Red sectoring assays were performed as described by Spencer et al. (1990). Briefly, strains were transformed with plasmid pYCF1/CEN3.L linearized with BglII. Ura+ transformants were grown in CAA-Ura medium overnight and then plated directly onto YPD plates for colony formation and scoring.
Chromatin immunoprecipitation (ChIP)
Yeast cultures for ChIP were grown in YPD to log phase and arrested with 2 μg/ml α factor for 4 hr in a 30° shaker, pelleted, and washed with sterile water. Cell pellets were resuspended in the original volume of YPD, and allowed to grow for 60 min at 30° before cells were cross-linked with 1% formaldehyde at room temperature for 45 min, washed with ice-cold Tris-buffered saline, and stored at −80°. ChIP was conducted as previously described (Kuo et al. 1998; Luo et al. 2010). ChIP results were quantified using quantitative PCR performed on a Roche LightCycler 480 and normalized with 0.1% inputs.

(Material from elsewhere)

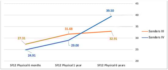 Physical SF-12 score between Sanders types III and IV. Similarly, the AOFAS score at six months follow-up showed better outcomes in patients affected by Sanders type III fractures. This difference gradually decreases at one-year follow-up with the tendency to inversion between the two groups, but without statistical significance.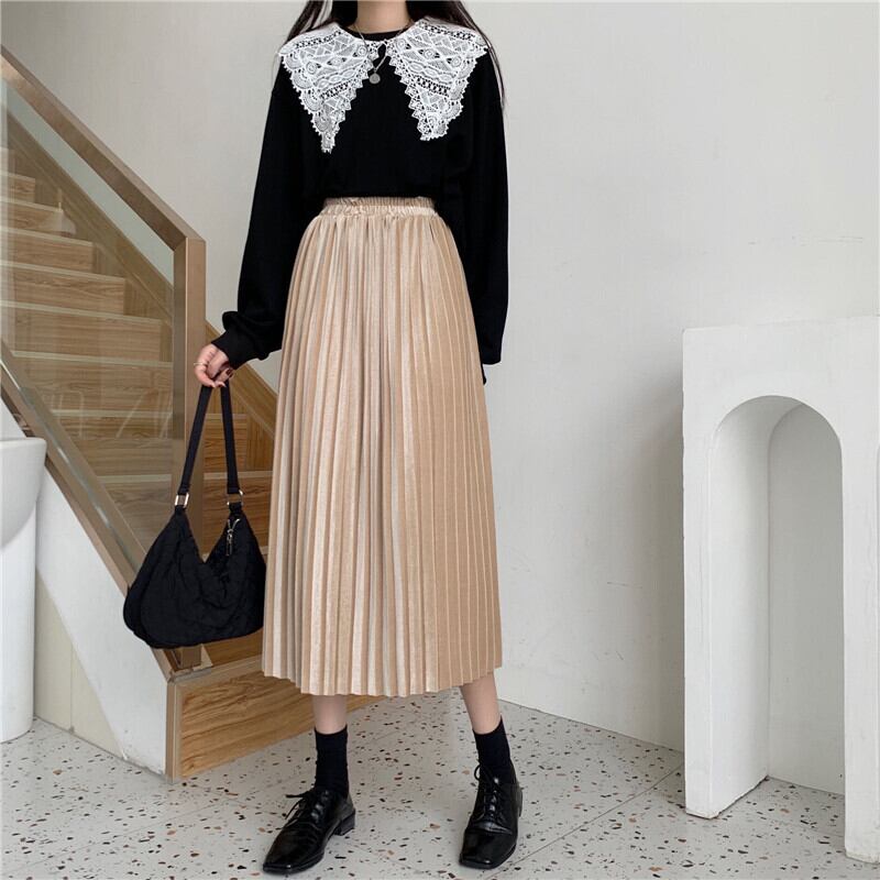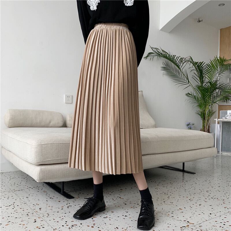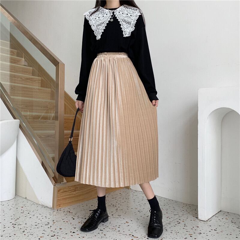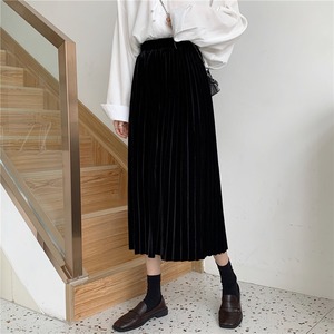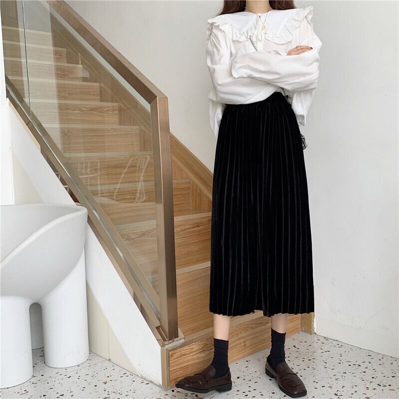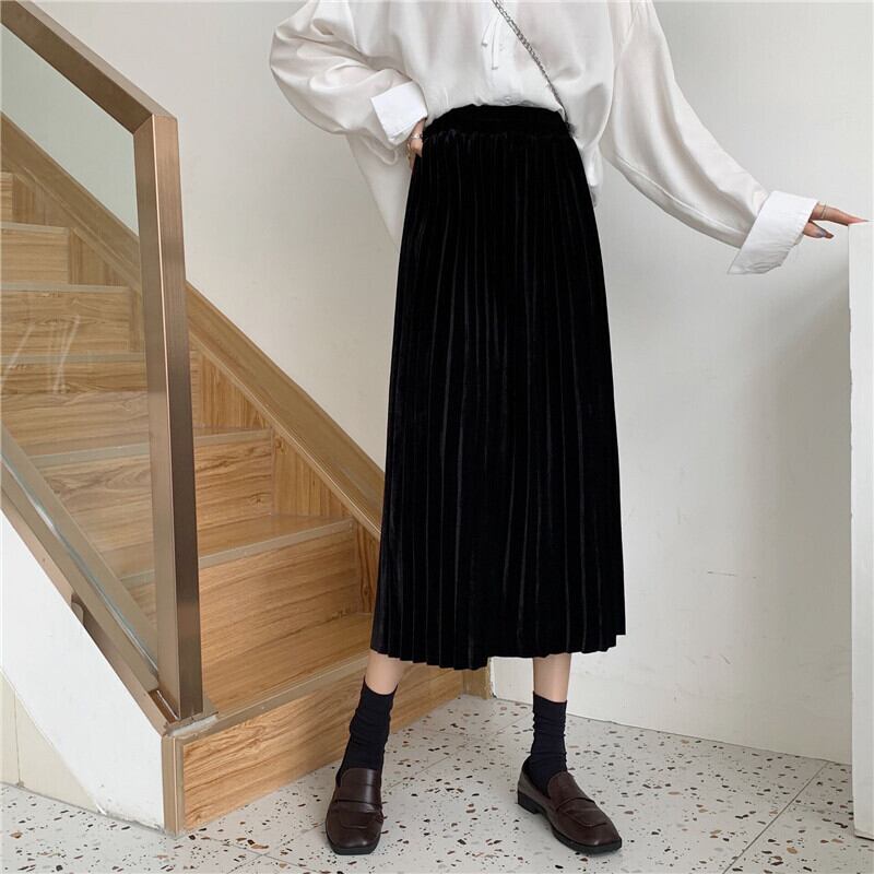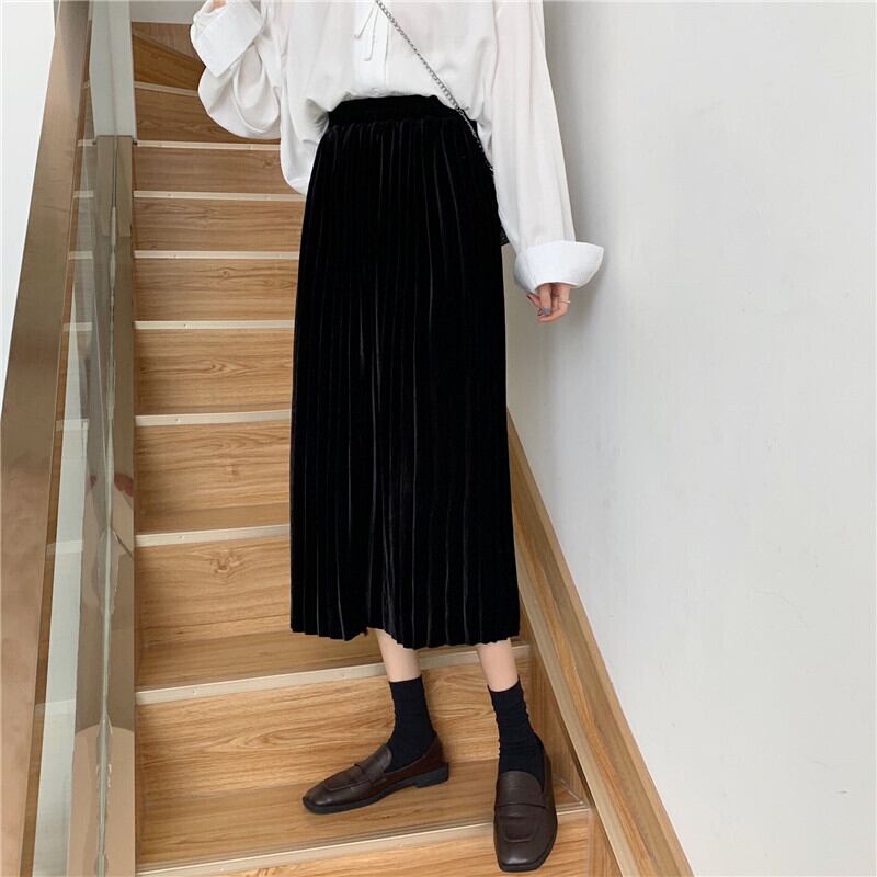 スカート レディースオータムウィンター薄手ベルベットハイウェストウェストブラックAライン 秋物 冬物 YY-ファッション35229255868

Fluorescence-activated cell sorting (FACS)
Yeast cultures were grown in YPD to log phase and arrested with 200 μM hydroxyurea (HU) for 3 hr in a 30° shaker, pelleted, and washed with sterile water. Cells were then released into fresh YPD, collected at various time points, and fixed with 70% ethanol for 45–90 min. Cells were rehydrated with PBS pH 7.4 at room temperature for 2 hr before overnight treatment at 37° with 100 μg/ml RNase A in 10 mM NaCl/50 mM Tris pH 7.4. Cells were pelleted, resuspended in PBS pH 7.4, and a final concentration of 40 µg/ml of propidium iodide was added to the cell suspension before FACS analysis with a BD LSR II flow cytometer.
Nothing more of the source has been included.